Required work
Exactly as they appear, print the line with "Lateralmente il case" and each line after it through the end of the entries below; leave out pictures.
Start of Given data
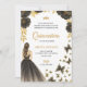 Invitation for a Quinceañera with elegant black and gold floral and butterfly design. Features a girl in a black gown, conveying a sophisticated celebration theme.
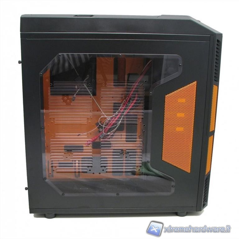 Lateralmente il case presenta una grande finestra laterale in plexyglass, caratterizzata da un design molto aggressivo e accattivante. Su tale pannello sarà possibile installare fino a 4 ventole da 12/14cm di diametro o una da 18/20cm.  Al suo fianco è presenti un’ulteriore griglia di colore arancione sempre in mesh a nido d’ape. L'altro versante del case invece è completamente chiuso ma rimuovibile lo stesso.
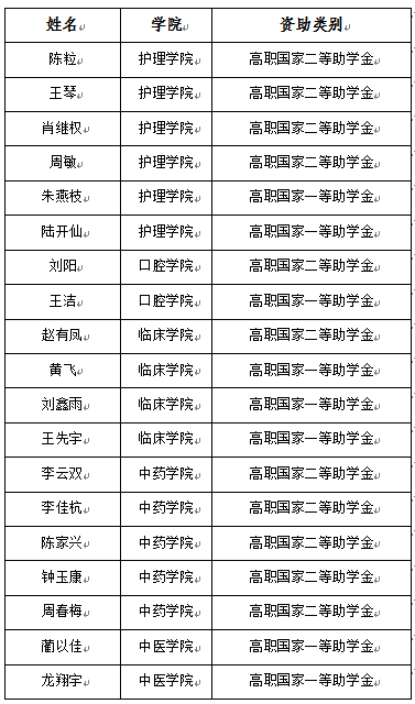 高职国家助学金调增学生名单:
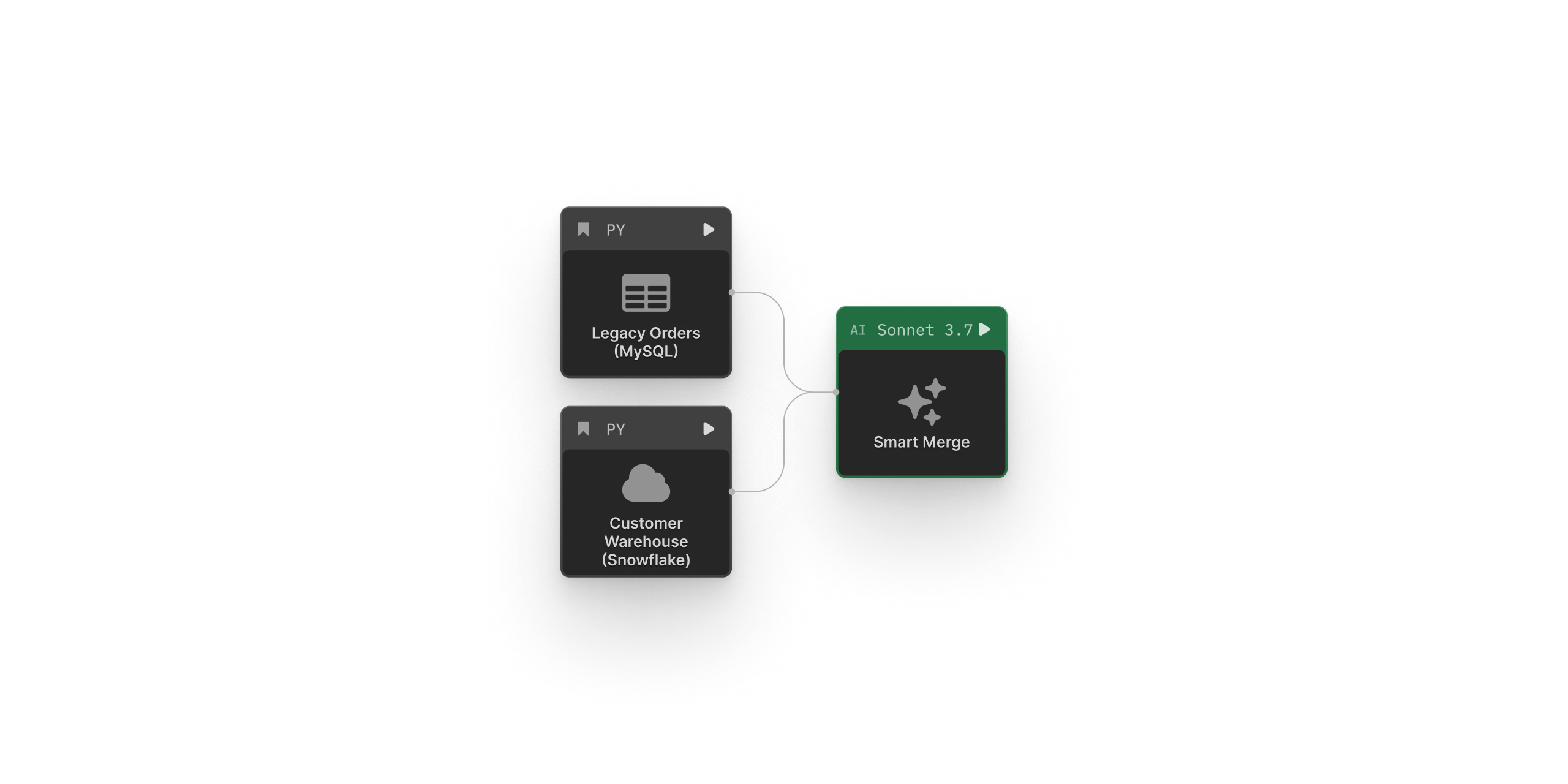 Seamlessly connect to your legacy tools, databases, pipelines, and APIs — like Snowflake, MySQL, or Databricks — and extend them with new functionalities using interconnected Python notebooks.
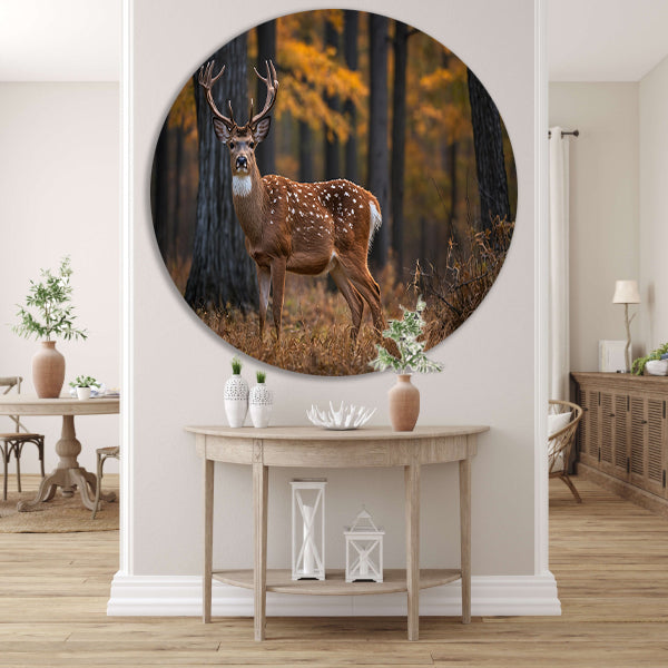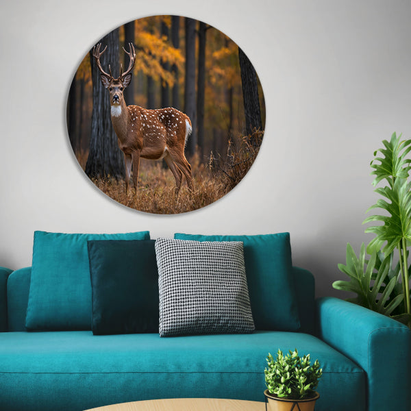 Majestueus hert in het herfstbos aluminium muurcirkel
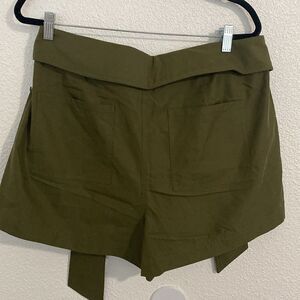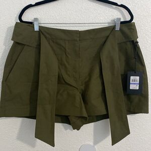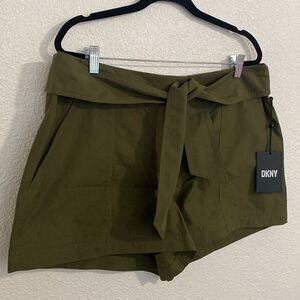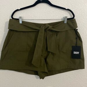 NWT- DKNY- High waisted -tie chino shorts- Dark Green- Size 18
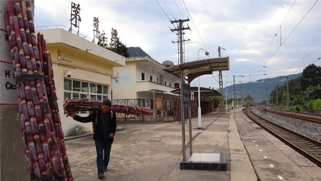 3月2日一大早,小小的茅草坪站就坐滿了背著農(nóng)產(chǎn)品前來乘坐“慢火車”的群眾。蔗農(nóng)李進賢準(zhǔn)備從茅草坪站乘坐6081次慢火車給在松河的客戶送甘蔗。
End of Given data
Written answer
 Lateralmente il case presenta una grande finestra laterale in plexyglass, caratterizzata da un design molto aggressivo e accattivante. Su tale pannello sarà possibile installare fino a 4 ventole da 12/14cm di diametro o una da 18/20cm.  Al suo fianco è presenti un’ulteriore griglia di colore arancione sempre in mesh a nido d’ape. L'altro versante del case invece è completamente chiuso ma rimuovibile lo stesso.
 高职国家助学金调增学生名单:
 Seamlessly connect to your legacy tools, databases, pipelines, and APIs — like Snowflake, MySQL, or Databricks — and extend them with new functionalities using interconnected Python notebooks.
 Majestueus hert in het herfstbos aluminium muurcirkel
 NWT- DKNY- High waisted -tie chino shorts- Dark Green- Size 18
 3月2日一大早,小小的茅草坪站就坐滿了背著農(nóng)產(chǎn)品前來乘坐“慢火車”的群眾。蔗農(nóng)李進賢準(zhǔn)備從茅草坪站乘坐6081次慢火車給在松河的客戶送甘蔗。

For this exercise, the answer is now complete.